* _Prompt_
In the listing below, find the line containing "By combining Bombora’s" and the line containing "12月1日,大橫琴城資公司隆". Repeat exactly those two lines and every line between them, nothing more.

* _Given records_
--- START ---

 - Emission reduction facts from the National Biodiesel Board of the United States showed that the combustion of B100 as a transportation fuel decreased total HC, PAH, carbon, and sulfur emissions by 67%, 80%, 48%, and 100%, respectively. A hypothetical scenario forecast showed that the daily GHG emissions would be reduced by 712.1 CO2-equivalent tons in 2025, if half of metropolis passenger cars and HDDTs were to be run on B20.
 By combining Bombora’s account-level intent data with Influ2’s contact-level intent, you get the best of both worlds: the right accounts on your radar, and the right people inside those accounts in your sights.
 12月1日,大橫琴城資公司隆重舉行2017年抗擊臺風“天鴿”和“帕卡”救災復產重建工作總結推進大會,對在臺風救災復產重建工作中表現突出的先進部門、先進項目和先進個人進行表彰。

--- END ---
--- START ---

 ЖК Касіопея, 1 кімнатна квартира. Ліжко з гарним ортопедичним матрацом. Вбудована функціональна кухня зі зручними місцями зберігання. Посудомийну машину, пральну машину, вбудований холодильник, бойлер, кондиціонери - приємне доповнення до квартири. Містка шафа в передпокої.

--- END ---
--- START ---

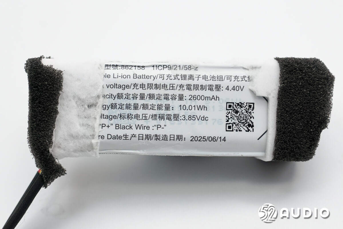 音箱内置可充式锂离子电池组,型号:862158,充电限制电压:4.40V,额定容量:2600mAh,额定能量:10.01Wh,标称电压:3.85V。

--- END ---

* _Solution for this task_
 By combining Bombora’s account-level intent data with Influ2’s contact-level intent, you get the best of both worlds: the right accounts on your radar, and the right people inside those accounts in your sights.
 12月1日,大橫琴城資公司隆重舉行2017年抗擊臺風“天鴿”和“帕卡”救災復產重建工作總結推進大會,對在臺風救災復產重建工作中表現突出的先進部門、先進項目和先進個人進行表彰。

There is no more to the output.